Тогда Юрка первым нарушил тишину и, уставившись на мерцающий огонек свечи, тихо проговорил:
– Ну здравствуй, что ли… отец, – и тут же поразился, как робко и придушенно прозвучал его обычно твердый и уверенный голос. – А ты совсем не изменился, такой же, как на снимке двадцатилетней давности. Я бы тебя в толпе узнал.
– Здравствуй, парень, – выдохнул наконец Флоренский. Бросив сигарету в пепельницу, он, сопя, медленно провел ладонями по лицу, словно смывая остатки затянувшегося сна. А может, сбрасывая с себя наваждение. – Ты очень похож на Надю… на свою мать, – прошептал, медленно отнимая ладони от лица, коммерсант. – Прости ради бога, что спрашиваю об этом, но… когда ты родился? Месяц, день? – Флоренский замолчал, напряженно ожидая ответа и не спуская с сына изучающего взгляда.
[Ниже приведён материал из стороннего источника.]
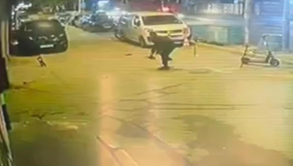 Bişar T.’yi cadde ortasında tekme tokat döven 3 şüpheli, bin 600 lirasını da gasbettikten sonra kaçtı. Olay anı güvenlik kamerasına saniye saniye yansıdı.
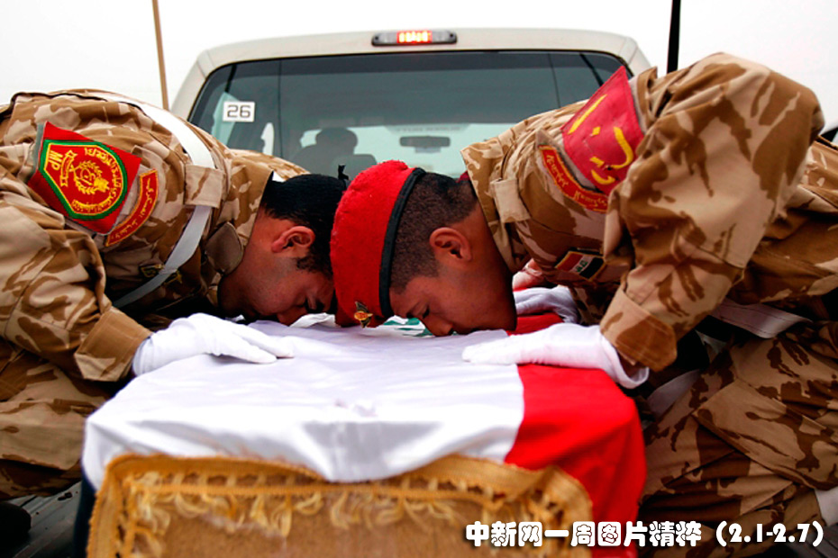 2月4日(周四),伊拉克士兵親吻一名同伴的靈柩,這名士兵的遺體在伊拉克巴斯拉附近的邊界處被交接。在兩伊戰爭中喪生的九名伊拉克人的遺體周四回到伊拉克。圖片來源:中國新聞網

– Я понимаю, – кивнул Юрка. – Я родился двадцать третьего февраля семьдесят девятого года в пять часов сорок минут утра. Аккурат в день Советской Армии и Военно-Морского Флота. Из которого я, между прочим, всего две недели назад дембельнулся.
– Все сходится, – словно оглашая приговор суда, торжественно произнес бизнесмен. – Значит, ты действительно мой… сын.
– А ты думал, я шучу? – горько усмехнулся Юрка. – Мыльный сериал разыгрываю – «Моя вторая папа»?!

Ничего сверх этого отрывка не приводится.